辿るいつもの帰路。いつもの日常。
級友が部活だ塾だとそれぞれの目的のため次の場所へと行くように、俺自身は世に何か困りごとや事件が起きてはいないかと、集中力を欠くことなく帰路を行く。この時間の見慣れた光景に異変があるとするならば、それが難解な事件の入り口になる可能性だって当然ある。なんせ、気が付けば異変に巻き込まれているなんてことのほうが、最近では日常になりつつあるのだから。
ところどころひび割れたコンクリートや、最近開店したコンビニエンスストア、それからもう半年以上も貼られている「マロンを探しています」のポスター。ラミネートされていても色褪せきった写真には、記憶によれば栗毛の小型犬(おそらくはプードル)が赤色の首輪をし、舌を出していた。文字色はあせることなくそこに残り続け、はっきりと「女の子」「2才」「マロンと呼ぶと尻尾を振る」など書かれていた。よほど賢くなければ、何と呼んだところで犬は尻尾を振るものではないだろうかと思うのだが、これを作成した家族にとってはその行動が彼女を彼女づける一つの要素だったというわけだろう。

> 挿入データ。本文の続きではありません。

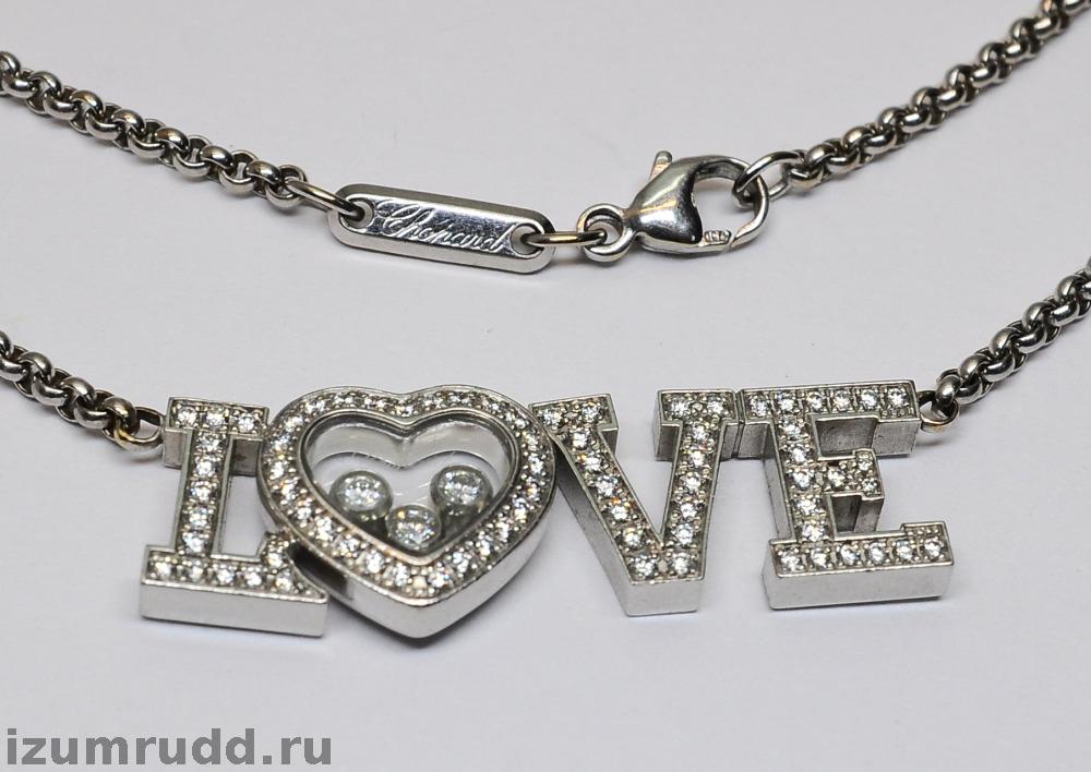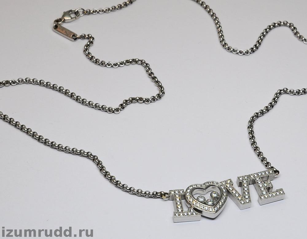 Кулон на цепочке Chopard "LOVE", выполнен из ,белого золота 750 пробы

迷子の犬猫を探すことは自分の仕事ではない。と、思っているわけではない。当然そういった類のポスターを見かければ記憶には入れているわけだし、野良の犬猫がいれば脳内のフォルダを立ち上げて一通りは照合している。ただ、こちらから積極的に動くというわけではないというだけだ。なんせ自分は、西に東にと呼ばれればはせ参じ、それなりに忙しいこともある。それに、例え忙しくない日にコーヒーを落ち着いて飲もうとしたところで、向こうから事件も、異常も、異変もやってきてしまうのだから。
さて、先に以降かと足を進めようとしたとき、はたとその足が止まる。視線の先、目を引く赤色が細長く垂れているのだ。風が吹けばゆらりとなびくそれを何度も見た経験があるそれの正体は、近づいて確認するとやはりリボンだった。公園を取り囲む垣根の真ん中より少し下に、引っかかるようにして出ているそれは、遠目に見れば花か何かと思う人も多いことだろう。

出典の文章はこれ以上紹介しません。